[[ SUPPLIED DATA, beginning ]]

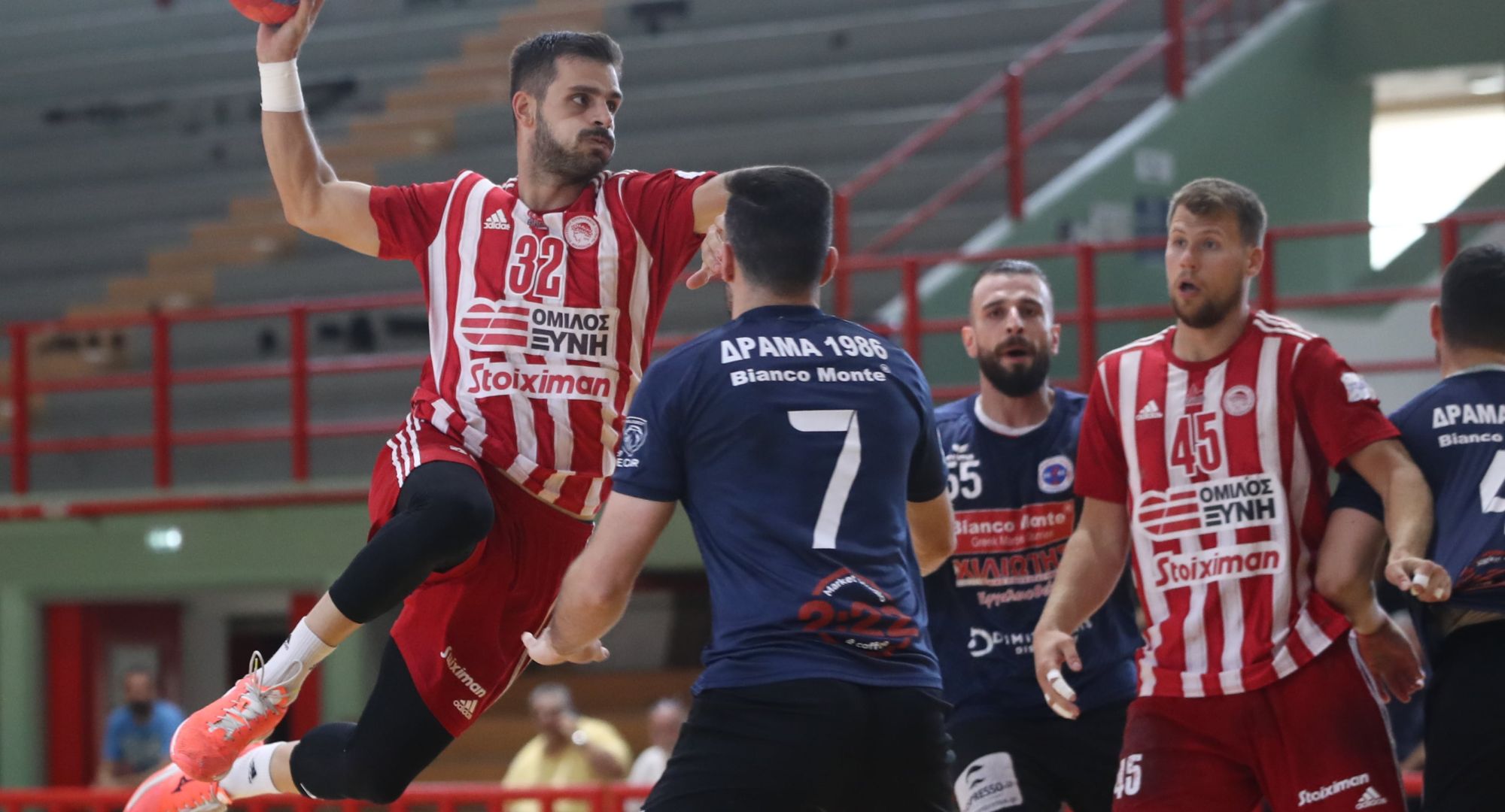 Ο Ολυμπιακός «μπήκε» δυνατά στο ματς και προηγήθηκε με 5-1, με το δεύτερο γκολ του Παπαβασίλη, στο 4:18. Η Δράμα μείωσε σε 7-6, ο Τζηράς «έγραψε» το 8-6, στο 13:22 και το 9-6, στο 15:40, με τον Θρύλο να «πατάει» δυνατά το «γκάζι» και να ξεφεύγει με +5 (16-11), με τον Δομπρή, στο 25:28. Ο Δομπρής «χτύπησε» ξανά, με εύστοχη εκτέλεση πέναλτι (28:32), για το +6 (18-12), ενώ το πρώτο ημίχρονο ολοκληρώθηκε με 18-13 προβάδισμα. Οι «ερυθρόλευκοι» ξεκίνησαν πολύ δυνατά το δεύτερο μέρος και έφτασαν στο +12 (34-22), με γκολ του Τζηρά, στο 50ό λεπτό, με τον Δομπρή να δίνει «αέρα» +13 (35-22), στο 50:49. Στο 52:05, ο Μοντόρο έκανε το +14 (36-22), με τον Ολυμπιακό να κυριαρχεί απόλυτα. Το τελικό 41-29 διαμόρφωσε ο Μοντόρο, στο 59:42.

[[ SUPPLIED DATA, end ]]
[[ SUPPLIED DATA, beginning ]]

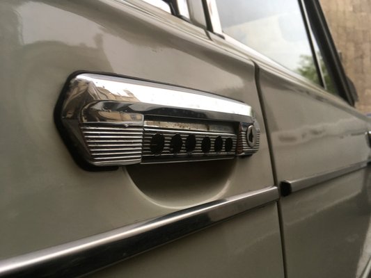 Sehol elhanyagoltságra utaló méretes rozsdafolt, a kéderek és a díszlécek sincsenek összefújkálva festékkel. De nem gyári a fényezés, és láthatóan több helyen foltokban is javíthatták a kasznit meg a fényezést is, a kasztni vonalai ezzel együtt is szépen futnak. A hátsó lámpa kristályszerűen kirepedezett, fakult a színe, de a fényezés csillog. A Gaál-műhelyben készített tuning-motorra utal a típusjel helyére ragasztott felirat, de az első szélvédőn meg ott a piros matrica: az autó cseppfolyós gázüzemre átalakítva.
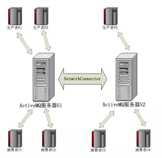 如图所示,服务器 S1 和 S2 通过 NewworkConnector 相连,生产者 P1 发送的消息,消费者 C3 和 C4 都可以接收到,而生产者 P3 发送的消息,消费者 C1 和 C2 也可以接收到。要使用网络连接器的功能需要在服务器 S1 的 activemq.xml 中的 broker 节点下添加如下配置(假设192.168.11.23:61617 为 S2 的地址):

[[ SUPPLIED DATA, end ]]

__DESCRIPTION OF THE TASK__. Where a picture appears in the records above, omit it, and transcribe exactly the stretch of lines from the one with "Sehol elhanyagoltságra utaló" through the one with "如图所示,服务器 S1 和".

__SOLUTION FOR THIS EXERCISE__.
 Sehol elhanyagoltságra utaló méretes rozsdafolt, a kéderek és a díszlécek sincsenek összefújkálva festékkel. De nem gyári a fényezés, és láthatóan több helyen foltokban is javíthatták a kasznit meg a fényezést is, a kasztni vonalai ezzel együtt is szépen futnak. A hátsó lámpa kristályszerűen kirepedezett, fakult a színe, de a fényezés csillog. A Gaál-műhelyben készített tuning-motorra utal a típusjel helyére ragasztott felirat, de az első szélvédőn meg ott a piros matrica: az autó cseppfolyós gázüzemre átalakítva.
 如图所示,服务器 S1 和 S2 通过 NewworkConnector 相连,生产者 P1 发送的消息,消费者 C3 和 C4 都可以接收到,而生产者 P3 发送的消息,消费者 C1 和 C2 也可以接收到。要使用网络连接器的功能需要在服务器 S1 的 activemq.xml 中的 broker 节点下添加如下配置(假设192.168.11.23:61617 为 S2 的地址):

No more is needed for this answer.